Gestational elevation in GFR, increased urine supersaturation, hypercalciuria, and decreased ureteral peristalsis should theoretically increase the risk of stone formation (258,261–264). However, the incidence of renal stones in pregnancy is comparable to that in nonpregnant populations. This is possibly caused by increased urinary magnesium, citrate, pH, and nephrocalcin, which protects from stone formation (258,261). The gestational increase in urinary pH and citrate is protective for uric acid and calcium oxalate stones; however, in pregnancy, unlike other populations, the majority of kidney stones are composed of calcium phosphate (265,266).

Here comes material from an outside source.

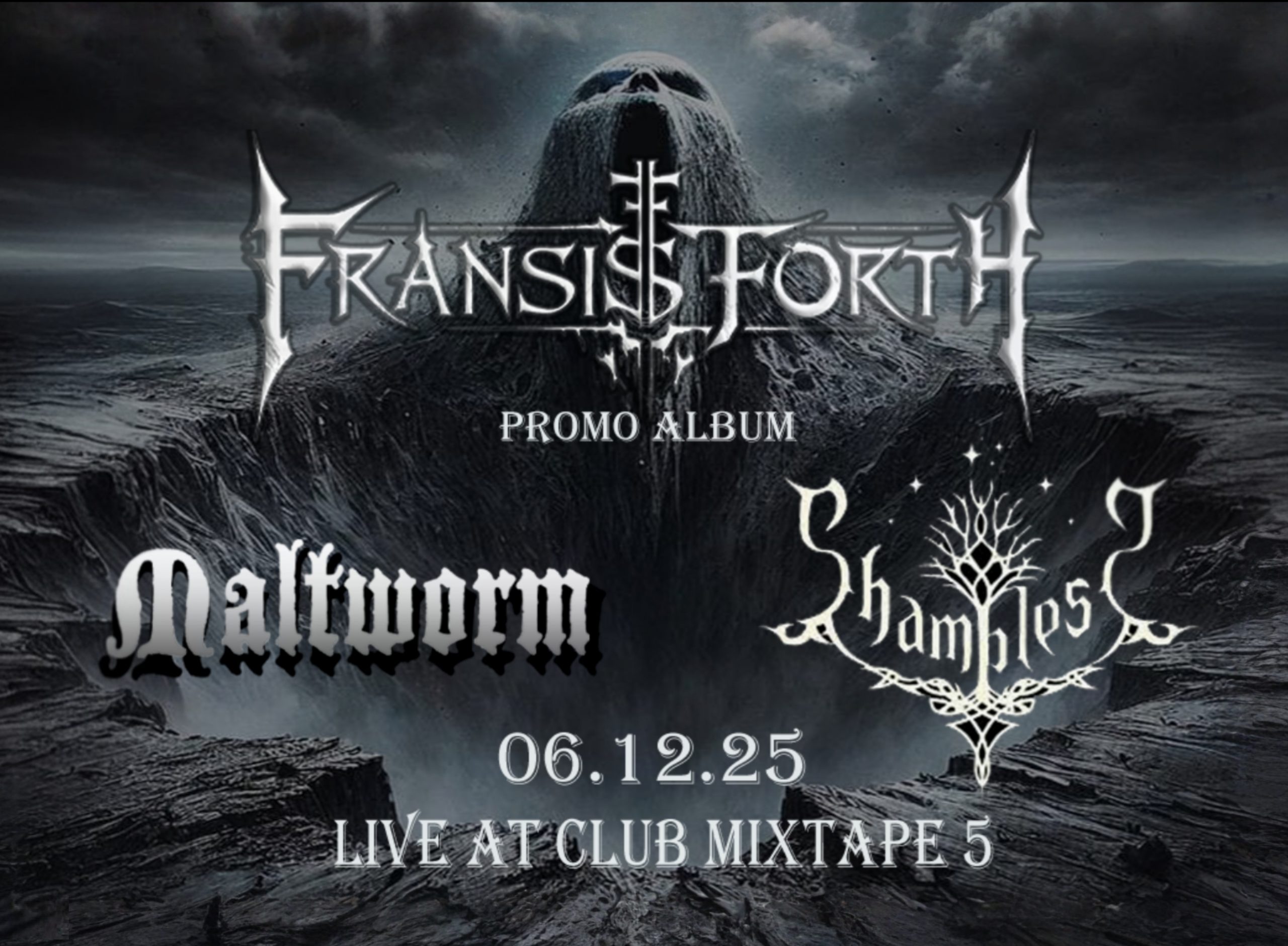 На 6.12.2025 година в столичния клуб Mixtape 5 ще се проведе концерт по повод промо на дебютния албум на FRANSIS FORTH съответно те ще бъдат подкрепени от своите колеги от MALTWORM и SHAMBLESS. Ето и няколко думи за самите участници в събитието.

Renal ultrasonography is the first-line imaging modality for the diagnosis of nephrolithiasis in pregnancy, followed by magnetic resonance urography (without gadolinium) and noncontrast low computed tomography (257). Women with renal colic and hydronephrosis but without visualization of an obstructing calculus on ultrasound may still have a stone on ureteroscopy (20.5%) (267).
Supportive management with analgesics (acetaminophen or opiates but not nonsteroidal antiinflammatory drugs) and hydration is the mainstay of management. Renal calculi will pass or spontaneously fragment in 70% to 84% of cases (259,264,267,268). Ureteroscopy with stenting or stone retrieval is not a very risky procedure but should be performed only when the patient has a large (>1 cm) stone, persistent pain, sepsis, worsening hydronephrosis, an obstructed solitary kidney, or a high-grade obstruction (259,264).
Renal stones in pregnancy have been associated with pyelonephritis, preterm labor, spontaneous abortions, hypertension, and gestational diabetes (255,256,267,269). Interestingly, perinatal outcomes are not significantly altered in women with nephrolithiasis (266,270).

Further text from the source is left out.